Director of Restoration, general contractor Dan Mittelman of Shore Building of Northfieldsaid the new church was designed to match the original woodwork finishes and still comply with today’s engineering standards.

The Travertine marble tile floors were an upgrade made possible by Subrianni, Mittelman said.

Subrianni’s brother, Thomas J. Subranni, who serves as the chairman of the board of trustees, dealt with the insurance company, while Mittelman tended to every detail of the restoration.

“It takes time because we are working from old photographs,” Mittelman said.

The woodwork in the sanctuary was recreated down to the last detailed turning using dark stained Douglas fir that matches the paneling.

Subranni said the congregation is accepting donations to replace the bronze bells in the bell tower, which will be manufactured in France by the historic Paccard Bell Foundry. Phillipe Paccard recently visited the church to provide the congregation with information about the wonderful sound that emanates from bronze bells.

Midland Pipe Organ Service of North Carolina will be installing the new 12-rank pipe organ starting next week, and the labyrinth in the church courtyard, which attracts people seeking meditation from all over South Jersey, will be repainted.

Another special aspect of the church is that it was a beacon for those who would sail the sea and those who live off-shore.

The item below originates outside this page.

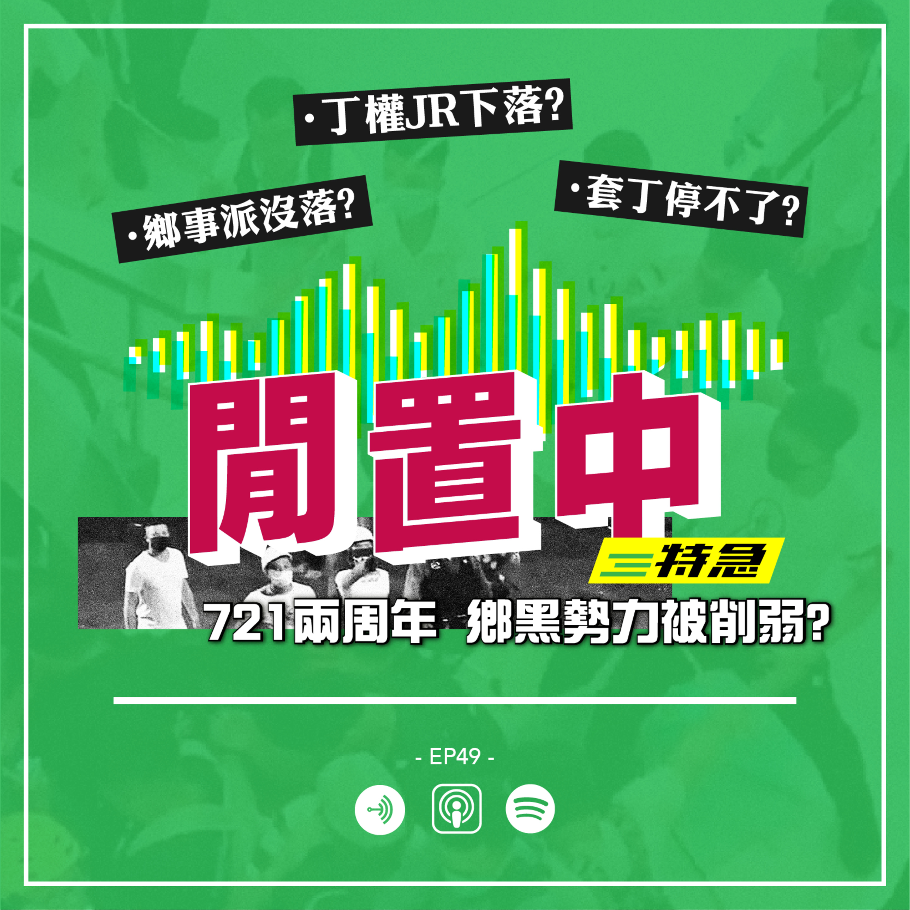 【閒置中-特急】721兩周年 鄉黑勢力被削弱? 721事隔兩年,有白衣人被揭發曾參與曉門套丁案,而丁屋大王王光榮亦被廉署調查。 今集研究員同你快問快答,迅速探討這兩年間721白衣人、鄉事派以及政府背後政經結構嘅角力,回顧喺套丁問題上最新嘅土地、政治及經濟現況,同時嘗試回應呢兩年民間發起嘅清算鄉黑行動結果如何?套丁問題係咪就咁解決咗?鄉事派係咪就咁沒落? 研究完:涼、劍
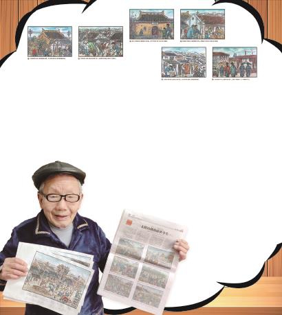 报纸版面上的一个个长方格,每一幅他都画过四五遍。“第一稿用铅笔打轮廓,构思人物建筑,第二稿画出具体的外形和布局,第三稿对局部细节进行修改调整,第四稿用画笔将人物建筑描深,第五稿用颜料对画作进行上色,成稿。”

A new, blue mariner’s light will be installed in the bell tower.

“We could not reproduce the purple-blue of the old light, but this light will be blue and seen from as far away as three miles,” Cohen said.

The congregation is planning a dedication ceremony on July 12, 2015, but summer services will be held twice on Sundays, starting on Father’s Day.

Trustee Anne Peterson Martin, who lived at the end of the block as a child, but now lives several blocks away, said her parents were always involved in the church as she was growing up.

“I swim down here every day, and the day after the church burned, I felt completely lost. Our minister said it was like a death in the family,” Martin said. “After the fire, church was held in a tent, with the charred remains behind us. We were still in shock, and now it is wonderful to be back in this holy space. We had this thing, then it was gone, now it’s back again, and it is wonderful.”